- [Source data]

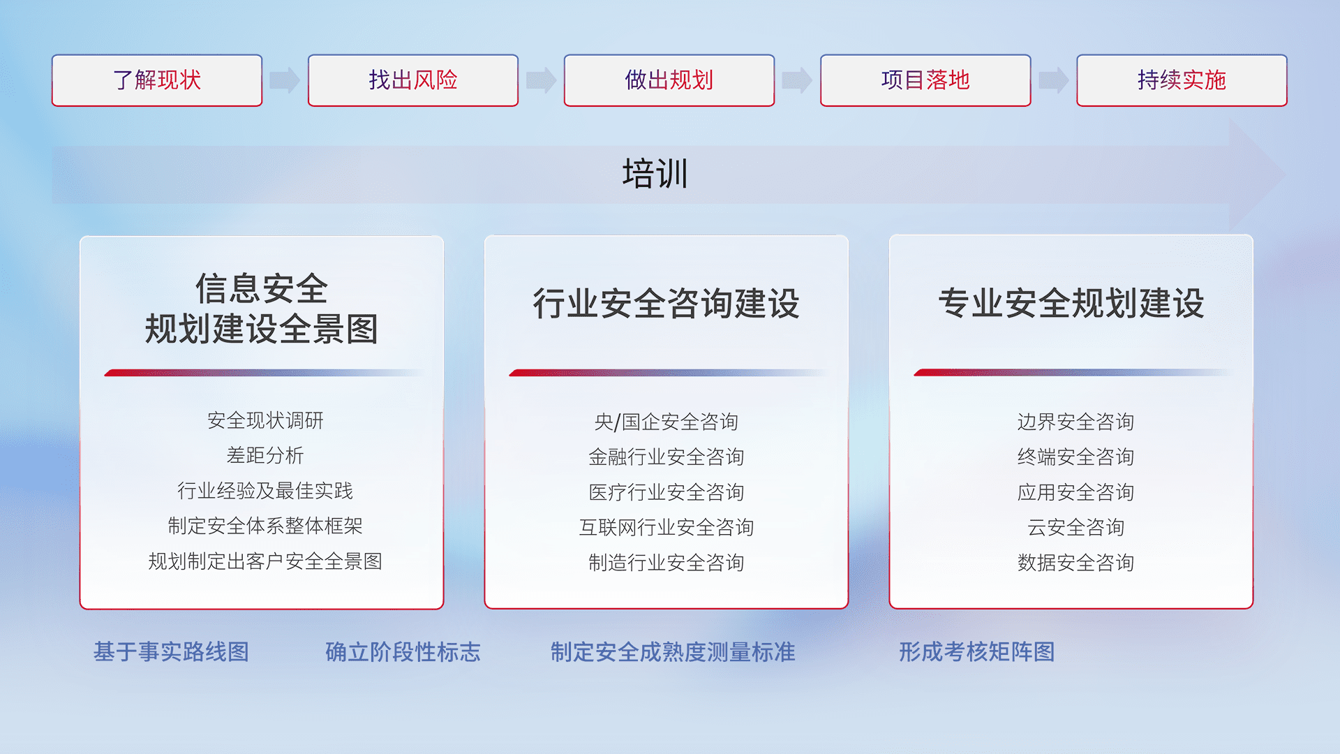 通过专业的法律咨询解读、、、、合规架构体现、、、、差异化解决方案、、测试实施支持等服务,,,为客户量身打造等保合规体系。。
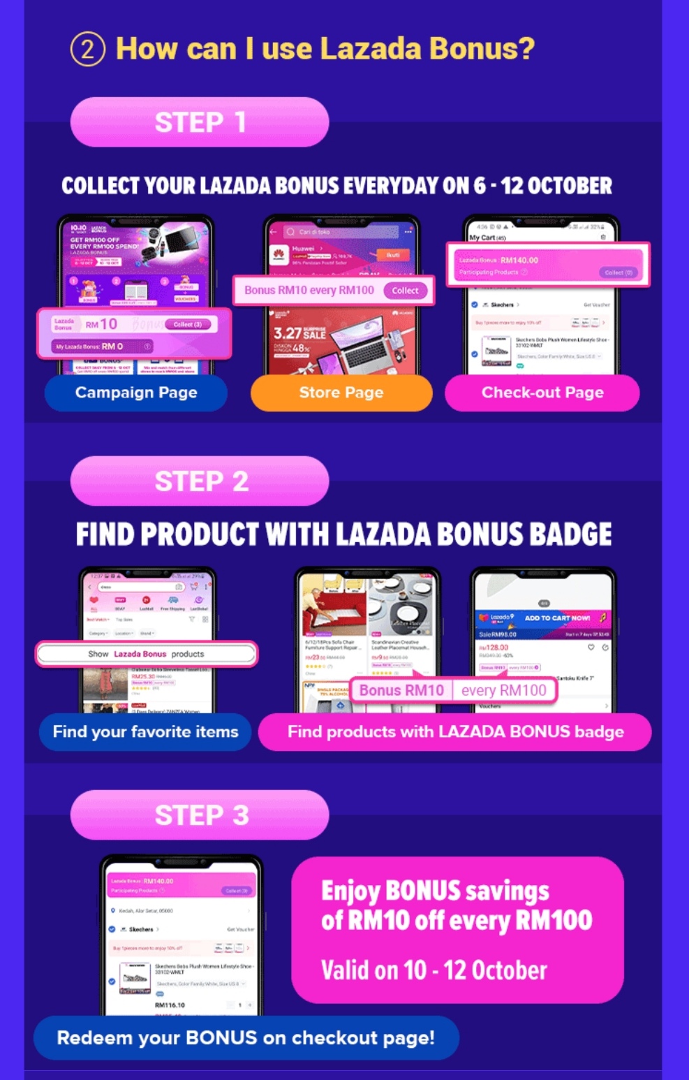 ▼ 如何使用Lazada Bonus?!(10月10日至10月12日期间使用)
...
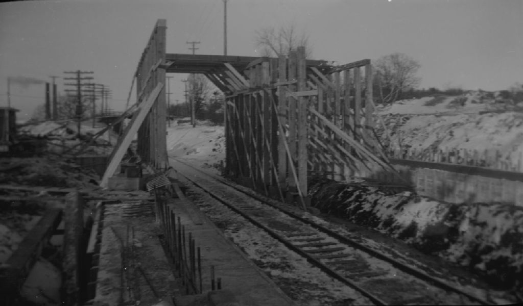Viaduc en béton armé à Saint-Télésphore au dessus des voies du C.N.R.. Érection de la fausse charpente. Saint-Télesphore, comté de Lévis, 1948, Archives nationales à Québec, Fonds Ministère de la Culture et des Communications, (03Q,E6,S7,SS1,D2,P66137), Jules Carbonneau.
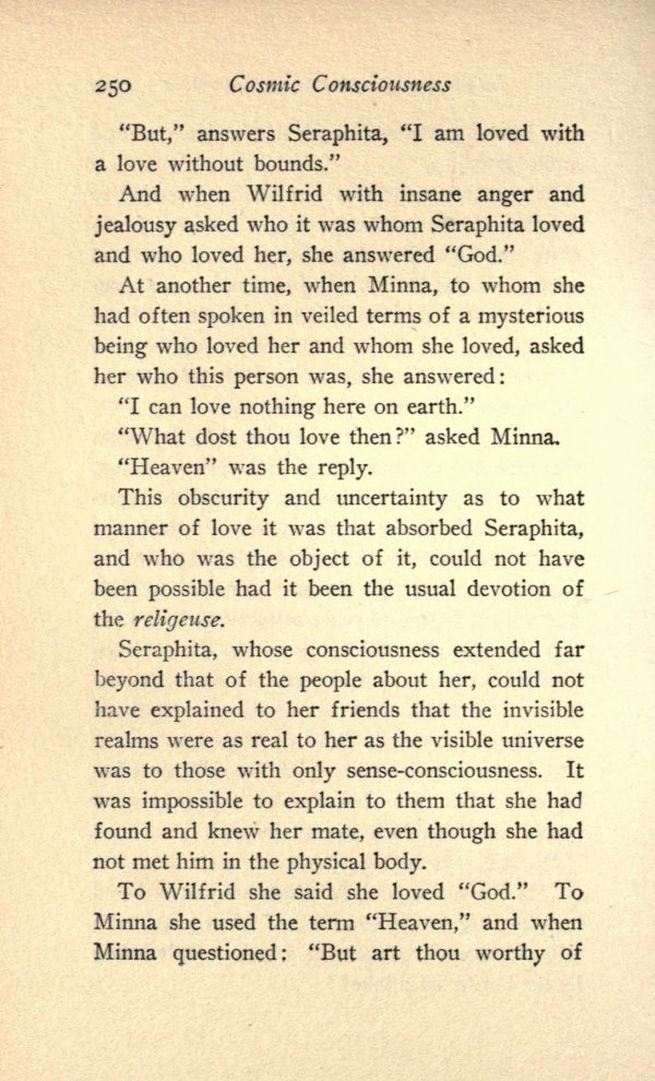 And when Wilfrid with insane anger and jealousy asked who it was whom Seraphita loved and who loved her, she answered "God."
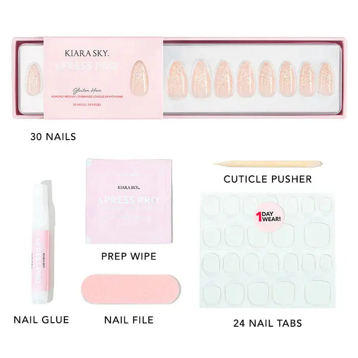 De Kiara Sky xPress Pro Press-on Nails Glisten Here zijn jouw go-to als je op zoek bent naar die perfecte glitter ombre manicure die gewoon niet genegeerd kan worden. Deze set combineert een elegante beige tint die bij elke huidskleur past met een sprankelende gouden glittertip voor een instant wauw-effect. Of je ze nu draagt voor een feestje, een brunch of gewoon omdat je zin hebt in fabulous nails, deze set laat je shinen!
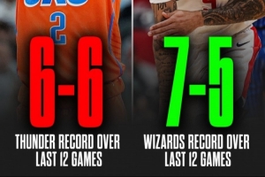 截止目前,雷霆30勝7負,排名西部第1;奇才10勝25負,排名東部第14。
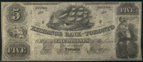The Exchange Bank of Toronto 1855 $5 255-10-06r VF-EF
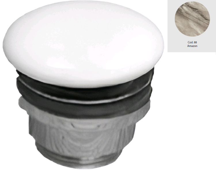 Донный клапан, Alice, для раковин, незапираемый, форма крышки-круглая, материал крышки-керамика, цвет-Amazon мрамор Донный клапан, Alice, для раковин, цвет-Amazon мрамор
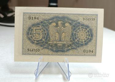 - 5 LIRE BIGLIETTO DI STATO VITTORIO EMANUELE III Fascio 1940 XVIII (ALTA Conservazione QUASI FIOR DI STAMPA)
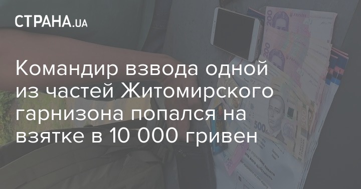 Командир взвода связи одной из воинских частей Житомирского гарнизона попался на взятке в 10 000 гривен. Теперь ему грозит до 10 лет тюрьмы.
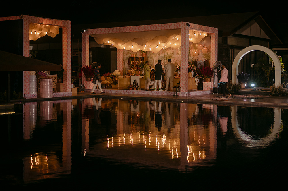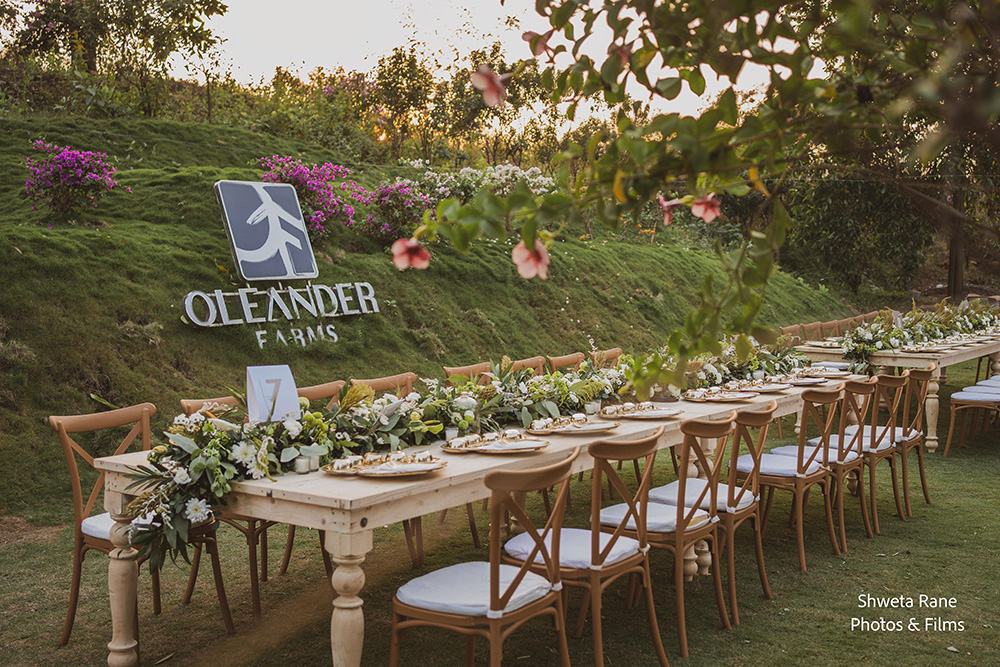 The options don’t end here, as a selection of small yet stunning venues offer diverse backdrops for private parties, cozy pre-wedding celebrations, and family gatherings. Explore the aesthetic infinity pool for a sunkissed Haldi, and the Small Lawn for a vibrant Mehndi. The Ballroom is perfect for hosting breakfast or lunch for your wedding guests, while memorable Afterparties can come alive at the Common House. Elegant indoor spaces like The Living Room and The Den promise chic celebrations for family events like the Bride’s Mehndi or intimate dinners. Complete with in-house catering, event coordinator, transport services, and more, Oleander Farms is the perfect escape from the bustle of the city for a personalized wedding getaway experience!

- [What to work on]
Pictures excluded, give again exactly and only the lines of the material above from the line with "- 5 LIRE BIGLIETTO" through the line with "Командир взвода связи".

- [Result of the task]
 - 5 LIRE BIGLIETTO DI STATO VITTORIO EMANUELE III Fascio 1940 XVIII (ALTA Conservazione QUASI FIOR DI STAMPA)
 Командир взвода связи одной из воинских частей Житомирского гарнизона попался на взятке в 10 000 гривен. Теперь ему грозит до 10 лет тюрьмы.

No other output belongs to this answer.